My great-uncle travels four hours from his home in Lashio to meet his sister, my great-aunt. It is implicit that this may be the last meeting of a brother and sister who grew up in another age. A statuesque Burmese accompanies the great-uncle. “Who’s that?” I ask my aunt. “The last concubine of my father, darling. She was the only good one.”
The rest of us (we are eight counting cousins, friends and a priest) leave them to reminisce in Maymyo while we make our way to Inle Lake. My aunt insists that we see it: “It is so beautiful, you will always remember it.” As a child she visited in the Royal Barge, with all the attendant pomp and ceremony. We will not get the same treatment. We’re on day four of our trip and the more Burmese among us are becoming reacquainted both with the language and an immunity to the spicy food. Those of us with greater Anglo persuasions are still struggling. Having my cousins Patrick and Bryan discuss their childhood predilection for deep-fried sparrows, a Burmese delicacy, doesn’t help.
It’s possible to fly to Inle Lake, and those not wishing to bond with relatives or admire scenery should, because it is a bottom-numbing eight-hour drive from Mandalay. The scenery is exquisite — steep, tree-clad hills, broad vistas of cabbage, cauliflower and rapeseed fields, oxen ploughing deep furrows of rich soil. And everywhere the Burmese in their traditional dress, smiling, welcoming and curious.

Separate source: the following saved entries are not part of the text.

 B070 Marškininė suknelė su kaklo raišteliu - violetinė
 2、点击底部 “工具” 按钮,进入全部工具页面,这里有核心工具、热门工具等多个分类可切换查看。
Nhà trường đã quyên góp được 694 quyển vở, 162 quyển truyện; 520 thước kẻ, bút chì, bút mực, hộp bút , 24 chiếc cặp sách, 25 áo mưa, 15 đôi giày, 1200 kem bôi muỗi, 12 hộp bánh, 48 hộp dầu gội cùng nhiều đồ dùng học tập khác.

Inle Lake, with its 17 floating villages, its expanse of water, huge skies and mountain backdrop, should be added to the list of wonders of the world. It is home to the Intha fishermen who propel their flat-bottomed boats with one leg twisted around the oar while standing in a one-legged posture on the stern (as pictured on our cover) — this has many benefits, including rowing distances with ease, spotting fish, and negotiating the banks of water hyacinth.Tourists keen to take in the area’s beauty will be ferried across the lake on diesel long boats, with prows that sit proud of the water and slice through the wash with ease.

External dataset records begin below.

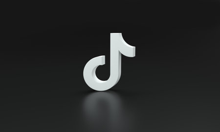 Valencia, Spain - March, 2021: TikTok logo isolated on a dark background and copy space in 3D rendering. Close-up of Tik Tok application logo. Tiktok is a Social media network for videos and music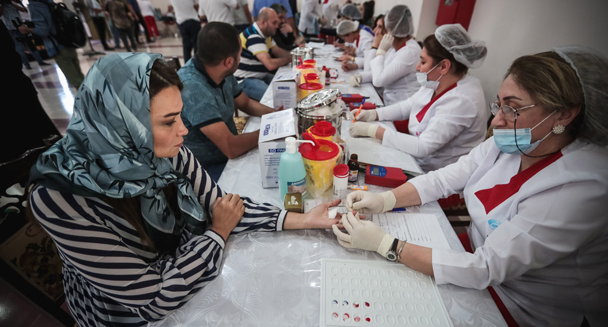 Люди пришли в мечеть Тезепир, чтобы сдать кровь.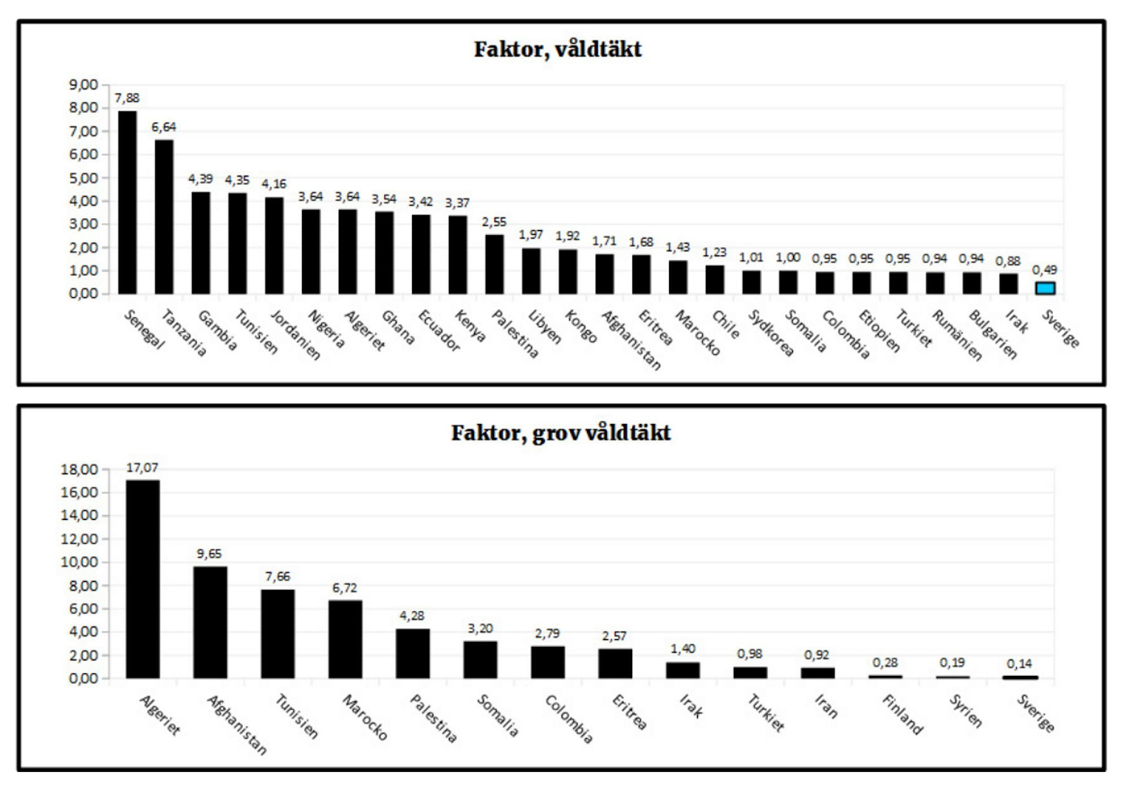 Sweden has also experienced a rape epidemic since 2015. However, a study found that even prior to the migrant crisis of that year, 60% of rapists were of an immigrant background, with half being born outside of Sweden. As the charts below demonstrate, African-originated immigrants are much more likely to commit rape (top chart) than native Swedes. MENAPT migrants, by contrast, are more likely to commit “assault rape” (bottom chart). Overall, men of non-European origin commit 84% of assault rapes despite making up only around 10% of the population:

Every sign of life is present on this lake: Buddhist novices bathing, fishermen mending boats, schoolchildren travelling to school. The handiwork in the villages, which includes weaving and silversmithing, is well worth buying; the food at the floating restaurants is delicious (the traditional vegetable and meat curries are drier than those of the sub-continent); but the best thing is cutting the engine and drifting between the hydroponic gardens where rows of tomatoes and beans bob rhythmically with the swell.
There are several hotels on the water — which are beautiful but pricey. Drop by the Paradise Inle Resort for a drink, but stay nearby at the other Paradise in Taunggyi where the staff are smiley and helpful, the food good and the massages, $5 (£2.80) for one hour, divine.

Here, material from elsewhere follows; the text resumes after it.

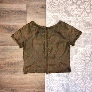 Size Unknown. This top is in excellent vintage condition! Missing one side of the clasp but not necessary or an easy fix. Also since it was handmade the zipper is a little crooked.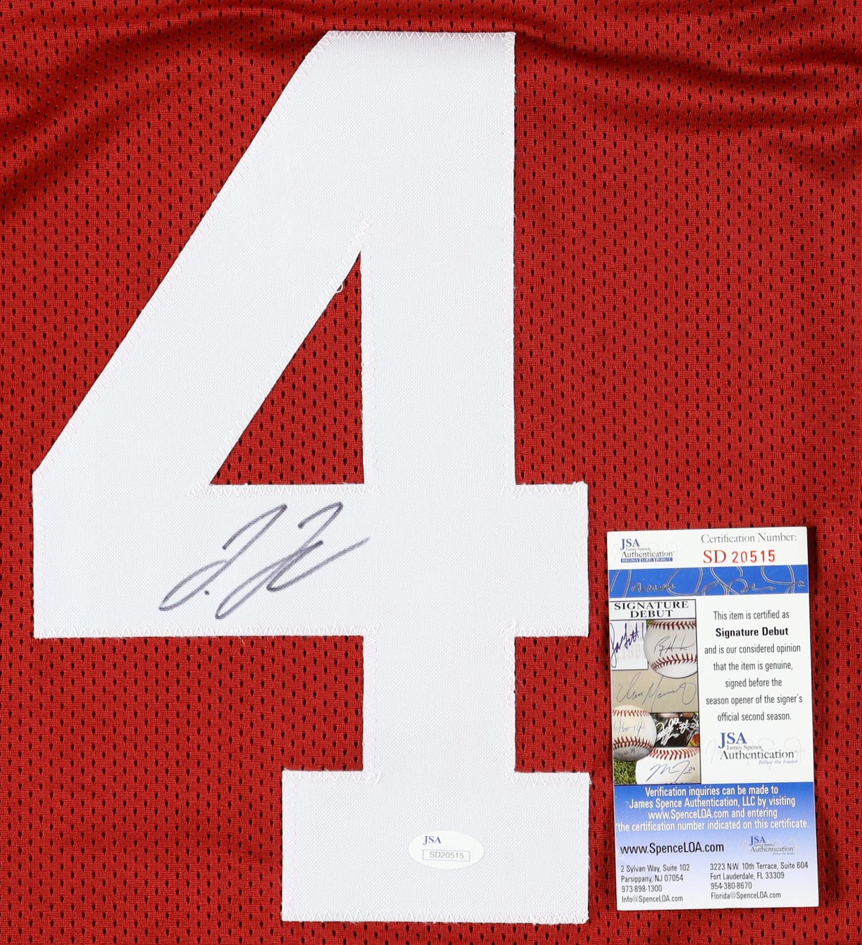 The autograph(s) includes an official James Spence Authentication (JSA) "Signature Debut" hologram and COA. "Signature Debut" is the autographed memorabilia equivalent to a rookie card. The JSA definition of a "Signature Debut" is as follows: "Any item that is autographed and received by JSA prior to the last game of the signer's official rookie season.

If you want to do something historical in Inle then visit the restored Museum of the Shan chiefs (and palace of the 33rd and last Shan prince or sao pha Sao Shwe Thaike — who became the first president of Burma). This was something of a pilgrimage for my half-cousins, all of whom were related to the powerful man who died in prison after the dictator Ne Win took over in 1962. Sadly, and rather characteristically, the palace gates were closed. No amount of shouting in broken Burmese or gate rattling could persuade the caretaker of the urgency of our visit.
The best way to see Burma is via the Irrawaddy, the broad, meandering river that snakes from Rangoon in the south to Indawgyi in the north. There are two ways to do this: in style on one of the brass and teak Pandaw ships or by our quicker, basic measure on a steamer that ferries tourists principally between Mandalay and Bagan. On board, my aunt becomes a living, breathing tourist attraction for hordes of American students and some pretty impressive lecturers who are accompanying them. It’s not every day that you meet a real live Burmese princess.